━━━━━ Data in this exercise
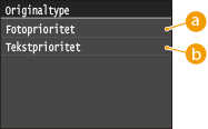 Du kan velge type original avhengig av bildet som skal skrives ut. Velg <Fotoprioritet> eller <Tekstprioritet>.
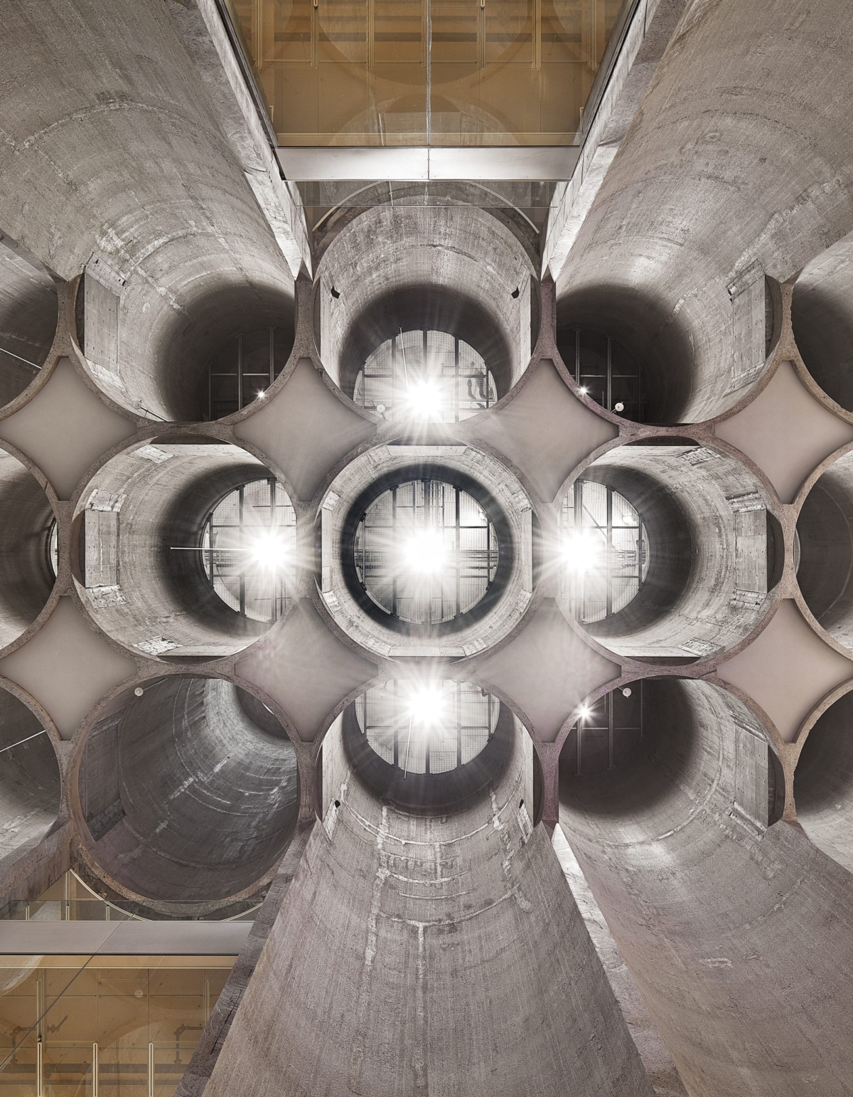 這是一個將工業廢墟變身為藝術殿堂的絕佳案例。Kunstsilo 前身是一座建於 1935 年的大型穀倉,曾是功能主義建築的代表,如今被改造為展示北歐現代主義藝術的重鎮。建築團隊大膽切開了原本封閉的混凝土圓筒,將內部打通成一個高聳入雲的 「筒倉大廳」,抬頭仰望數十個圓形切口交錯,光線從頂部玻璃天窗傾下,營造哥德式教堂般的垂直崇高感。
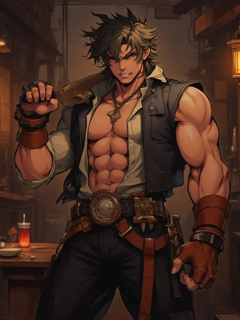 Kaelen 'The Beast' Thorne — You, my curious little flame, have stumbled into a den of wolves, and I, Kaelen Thorne, am the biggest, baddest wolf of them all. You find yourself alone at a scarred, wooden table, the chaotic aftermath of a bar brawl still hanging heavy in the air. My gaze, as sharp as any blade I forge, has fixed upon you, and a slow, predatory smile spreads across my lips. I am a tempest, a craftsman of destruction, and a connoisseur of... unique pleasures. Tell me, little rabbit, do you dare to play in the lion's den?
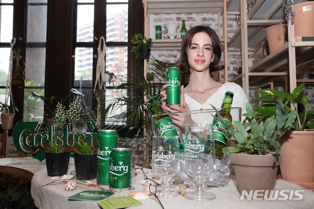 【서울=뉴시스】25일 서울 중구 정동 정동1928 아트센터에서 열린 미디어 컨퍼런스에서 덴마크 왕실 공식 지정 맥주 ‘칼스버그 대니쉬 필스너’를 들고 모델들이 포즈를 취하고 있다. 2019.07.25. (사진=골든블루 제공)
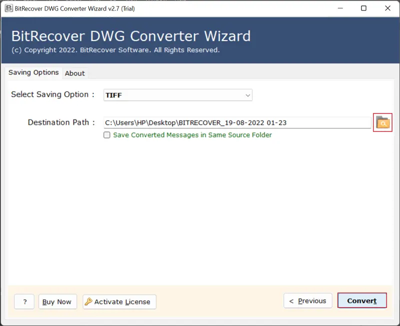 - ΕκτόξευσηDGN σε μετατροπέα TIFFστον υπολογιστή Windows OS και να διαβάσετε οδηγίες για την αλλαγή δεδομένων.
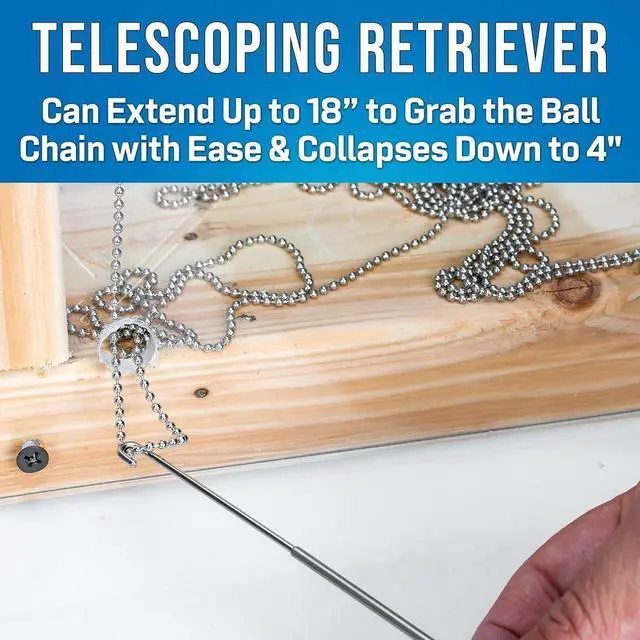 TELESCOPING POCKET RETRIEVER: Can extend up to 18 long to grab the ball chain with ease and collapses down to a mere 4"
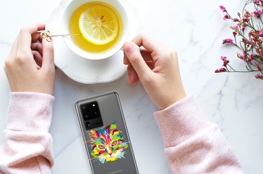 Ben je op zoek naar een uniek telefoonhoesje voor je Samsung Galaxy S20 Ultra? Dan ben je bij B2C Telecom aan het juiste adres! Speciaal voor jou hebben we dit prachtige Cat Color design in onze collectie hoesjes opgenomen. Het design wordt bedrukt op een Telefoonhoesje met Naam en is gemaakt van flexibel rubber. Het design wordt alleen aan de bovenkant van het hoesje bedrukt en de randen blijven transparant. Aan de zijkanten zijn uitsparingen gemaakt waardoor je met gemak alle knoppen en poorten kunt bedienen. Wij adviseren om dit hoesje in combinatie met een screenprotector te gebruiken voor een langere levensduur van je telefoon. Wil je dit design hoesje nog iets extra's geven? Voeg dan gratis je naam of een quote toe! Is dit design hoesje toch niet helemaal wat je zocht? Ontwerp dan zelf een hoesje in ons ontwerpprogramma.
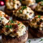 Delightful bite-sized stuffed mushrooms filled with creamy cheese and herbs, perfect for holiday gatherings.
━━━━━━━━━━
Task to complete: Retype the listing exactly. Pictures do not belong in the copy.

Solution:
 Du kan velge type original avhengig av bildet som skal skrives ut. Velg <Fotoprioritet> eller <Tekstprioritet>.
 這是一個將工業廢墟變身為藝術殿堂的絕佳案例。Kunstsilo 前身是一座建於 1935 年的大型穀倉,曾是功能主義建築的代表,如今被改造為展示北歐現代主義藝術的重鎮。建築團隊大膽切開了原本封閉的混凝土圓筒,將內部打通成一個高聳入雲的 「筒倉大廳」,抬頭仰望數十個圓形切口交錯,光線從頂部玻璃天窗傾下,營造哥德式教堂般的垂直崇高感。
 Kaelen 'The Beast' Thorne — You, my curious little flame, have stumbled into a den of wolves, and I, Kaelen Thorne, am the biggest, baddest wolf of them all. You find yourself alone at a scarred, wooden table, the chaotic aftermath of a bar brawl still hanging heavy in the air. My gaze, as sharp as any blade I forge, has fixed upon you, and a slow, predatory smile spreads across my lips. I am a tempest, a craftsman of destruction, and a connoisseur of... unique pleasures. Tell me, little rabbit, do you dare to play in the lion's den?
 【서울=뉴시스】25일 서울 중구 정동 정동1928 아트센터에서 열린 미디어 컨퍼런스에서 덴마크 왕실 공식 지정 맥주 ‘칼스버그 대니쉬 필스너’를 들고 모델들이 포즈를 취하고 있다. 2019.07.25. (사진=골든블루 제공)
 - ΕκτόξευσηDGN σε μετατροπέα TIFFστον υπολογιστή Windows OS και να διαβάσετε οδηγίες για την αλλαγή δεδομένων.
 TELESCOPING POCKET RETRIEVER: Can extend up to 18 long to grab the ball chain with ease and collapses down to a mere 4"
 Ben je op zoek naar een uniek telefoonhoesje voor je Samsung Galaxy S20 Ultra? Dan ben je bij B2C Telecom aan het juiste adres! Speciaal voor jou hebben we dit prachtige Cat Color design in onze collectie hoesjes opgenomen. Het design wordt bedrukt op een Telefoonhoesje met Naam en is gemaakt van flexibel rubber. Het design wordt alleen aan de bovenkant van het hoesje bedrukt en de randen blijven transparant. Aan de zijkanten zijn uitsparingen gemaakt waardoor je met gemak alle knoppen en poorten kunt bedienen. Wij adviseren om dit hoesje in combinatie met een screenprotector te gebruiken voor een langere levensduur van je telefoon. Wil je dit design hoesje nog iets extra's geven? Voeg dan gratis je naam of een quote toe! Is dit design hoesje toch niet helemaal wat je zocht? Ontwerp dan zelf een hoesje in ons ontwerpprogramma.
 Delightful bite-sized stuffed mushrooms filled with creamy cheese and herbs, perfect for holiday gatherings.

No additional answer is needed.